REVOLT opposing unnecessary, excessive and intrusive powerline development

opposing unnecessary, excessive
and intrusive powerline development

REVOLT Newsletter 370

Revolt news 17/10/2013 Print (pdf) Version

1. From The Register 20-08-2013: “The German government is engaged in increasingly heated negotiations with energy companies in an effort to stop them closing carbon-emitting power plants which have been rendered unprofitable by the national renewables policies.” This is the problem we have often highlighted (e.g. news174, 159, 147) of the diseconomy of part-time back-up generation for wind power.

2. The BBC has reported that the government (DECC & DEFRA) is conducting an inquiry into the impact of electricity infrastructure on rural area. However, no link is given to an authoritative government source for information. The inquiry is said to cover the whole range of renewable energy "including ... pylons". Despite being the longest standing NGO on pylons and powerlines, and with the broadest cover, REVOLT had not been contacted or invited to contribute.

3. After I wrote to my constituency MP William Hague to ask how REVOLT might have some input to the DECC/DEFRA inquiry, a reply from Owen Paterson to William Hague sets out the position. The very broad terms of the inquiry are to assess impacts of different generation technologies. In addition, DEFRA has commissioned a separate analysis of impacts of energy infrastructure on house prices. I have been invited to contact the Climate Change Mitigation Team.  

4. Advertisements for a renewed application from Northern Ireland Electricity (NIE) for the north-south interconnector have appeared in September, with a 28-day period for objections to be received. This is the project applied for last year when the botched application had to be put on hold and the process suspended (news350-351). The environmental statement needed to be revised and the proposal re-advertised. From the website the expiry date for (response to) the latest adverts is 25 October, though there is some flexibility. Previous objections will stay on file and don’t need to be duplicated. Application number O/2009/0792/F still applies for the single-circuit 400kV 102-tower 34.1 km overhead line. A new Application number O/2013/0214/F now applies for associated works.

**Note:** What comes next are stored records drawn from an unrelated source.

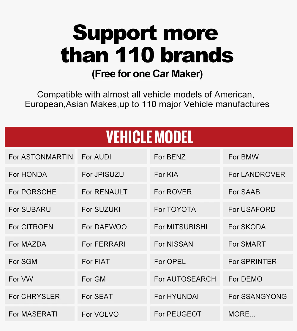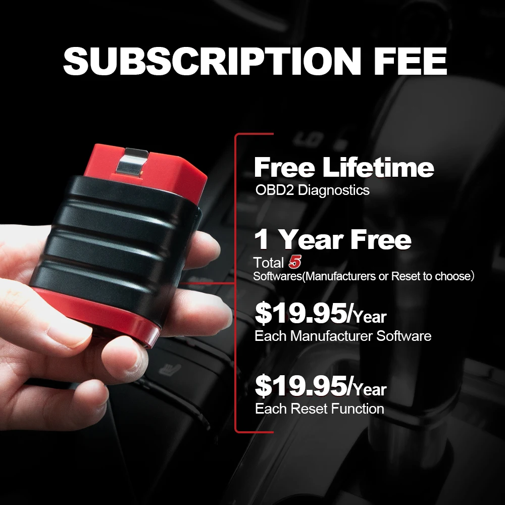 1.Car Model Software:If you have more model diagnostic needs,you can buy in our App,each model software priced at $19.95 per year.Full system diagnostics and special features are included in each model software. 2.Maintenance Software:Also you can choose to purchase maintenance software directly,it's also $19.95 per year,which can be used for maintenance of all different models,not limited to one car brand. Preferential Activity:Originally sent 1 software for free one year,now send total 5 software(Manufactures or Reset to choose) for free one year.Don't miss the chance.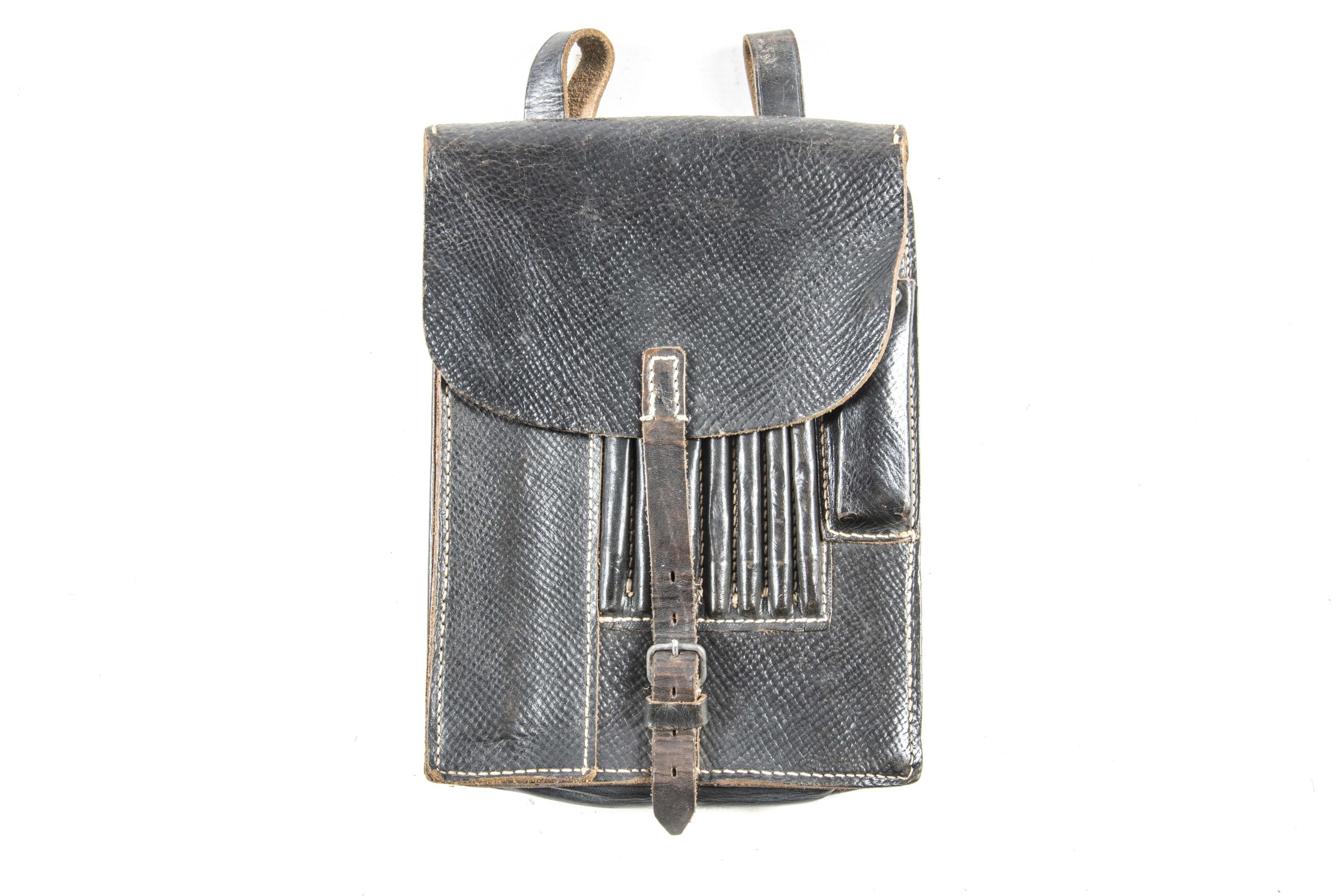 Black mapcase marked 0/0295/0105, named US Sgt 943 Field Artillery Batallion which was attatched to the first XX corps Artillery unit in the war to fire directly under Corps Artillery control. On the 12th of August 1944 it fired in support of the 3rd Cavalry group with the 80th infantry division toward Carrouges and Evron. More information here. The mapcase was taken as a souvenir to this unit. Several names inside give a number of research opportunities. Nice piece!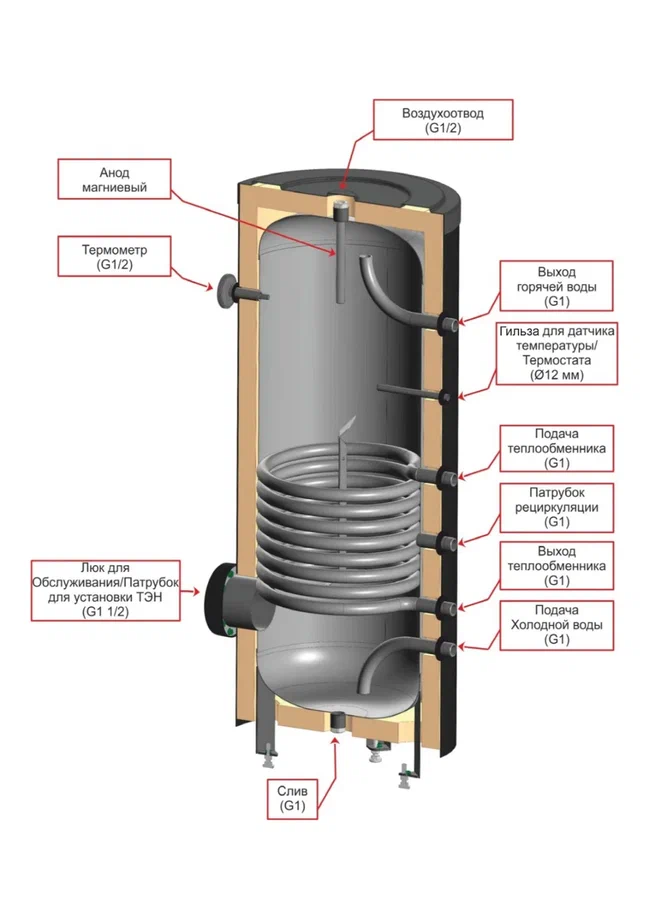Мощный змеевик позволяет быстро нагревать большой объем воды.

5. On 16 October Denbighshire County Council considered the Dong Energy proposal for a new substation at St Asaph, North Wales, and underground cables from Burbo Bank Extension offshore wind farm (news369). Residents had been concerned at the magnetic field levels, given by Dong as, for example, 0.545 microtesla (max) at 24 metres from the trenches centreline. The Officer view recommended a Condition as a precautionary measure, not as a requirement to meet health regulations, by way of locating the trenches as far from particular homes as possible within the identified cable corridor. Dong had not agreed to this even though they conceded it was extremely likely that would be the preferred location anyway for technical reasons. Residents sought to have some assurance in terms of actual distance. Residents report that the Council deferred the decision in order to encourage Dong to be more accommodating.

6. In the planning considerations, Dong had claimed the cables would have no measureable human health impact due to EMF, reiterating their position that “there are no health risks”. Dong had focused on the ICNIRP standards and seemed to evade the WHO/IARC recognition of the “possible risk” in category 2B. The idea of “no health risks” would seem like word play, since there are evidence-based formally recognised possible risks. In normal language a possible risk is still a risk. Public Health Wales had responded that there is no risk to health from EMFs if the levels are below ICNIRP guidelines; at the very best this is economical with the truth, and in any fair and reasonable sense it is just plain wrong.

Statements made by the editor or by other parties and quoted for information do not necessarily represent the views of Revolt. Criticism of government and industry, and grievances from members of the public, are in the nature of Revolt's work, though we try to give credit where it is due. Revolt is strictly non-party-political and regrets any offence which may be inadvertently caused.